Okay, that said, I have to admit I’m not opposed to characters employing the occasional slang; heck, using clichés or platitudes may become an endearing or annoying trait of a particular character. Nothing wrong with that, right? The keys are authorial awareness and intentionality.
So, unless used with intention, I suggest we remain vigilant against those insidious idioms, clichés, and slang terms. And, it must be said, this is especially important for those of us who write stories set in different places and times. In historical and fantasy realms, there’s just something especially eye-twitch-worthy about encountering modern, regionally-specific concepts and phrases. I mean, let’s get real: Nothing says amateurish like a Victorian heroine discussing her “excess baggage,” amiright?
Cliches and idioms can be powerful instruments in our authorial symphony, but we need to make sure and wield them wisely and well.

Sunday, January 1, 2012

GODDESS ELLE, or, Why I Write

As writers, we sometimes feel like gods. Not just of our make-believe worlds -- where we decide on the parameters of existence and, if our characters and situations comply (as gods everywhere can attest, subjects don’t always do as they’re told), of the ebb and flow of action and feeling – but of this world we all inhabit. And isn’t that part of the seduction of writing? By decoding our worlds into paragraphs, sentences, words, and punctuation, we define the boundaries, decide how to interpret events, choose what matters and what doesn’t.
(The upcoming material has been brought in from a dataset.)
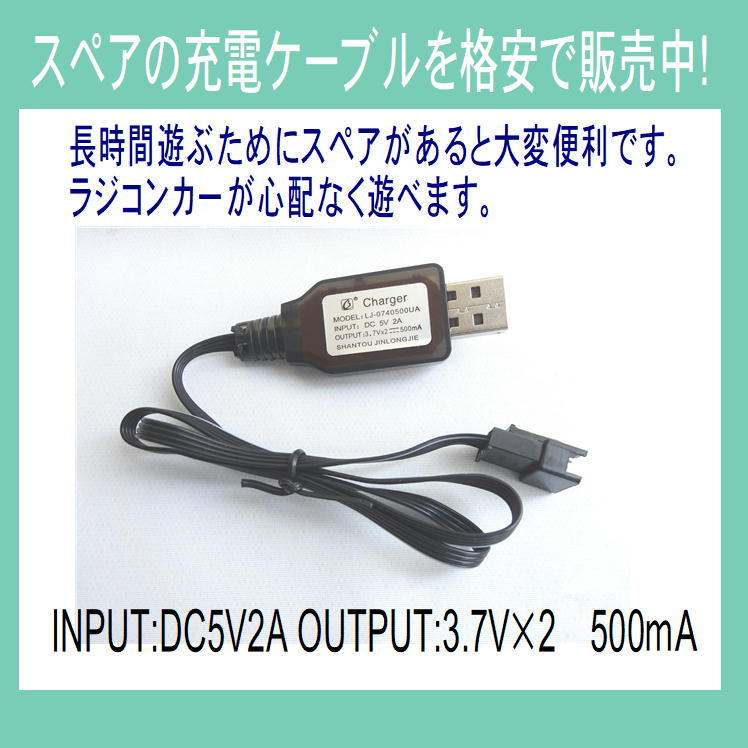 充電ケーブル USB 充電 コード ケーブル スペア 予備 替え INPUT:DC5V OUTPUT:3.7V×2=7.4V・500mA ラジコンカー おもちゃ

Our lived worlds aren’t neat or tidy. Single emotions are vast enough to inspire countless paintings, poems, and essays, and that’s just one component of our lives. Approximately 80 billion things are happening every single second. Living in this world and deciding how to navigate its vast complexities is difficult and often frustrating. From the time we’re children, we have to learn what to recognize and ignore, value and not, touch or look or eat. And all the while we categorize and catalog, trying to tear into understandable, bite-sized chunks a world that lives and breathes and moves in glorious four-dimensionality.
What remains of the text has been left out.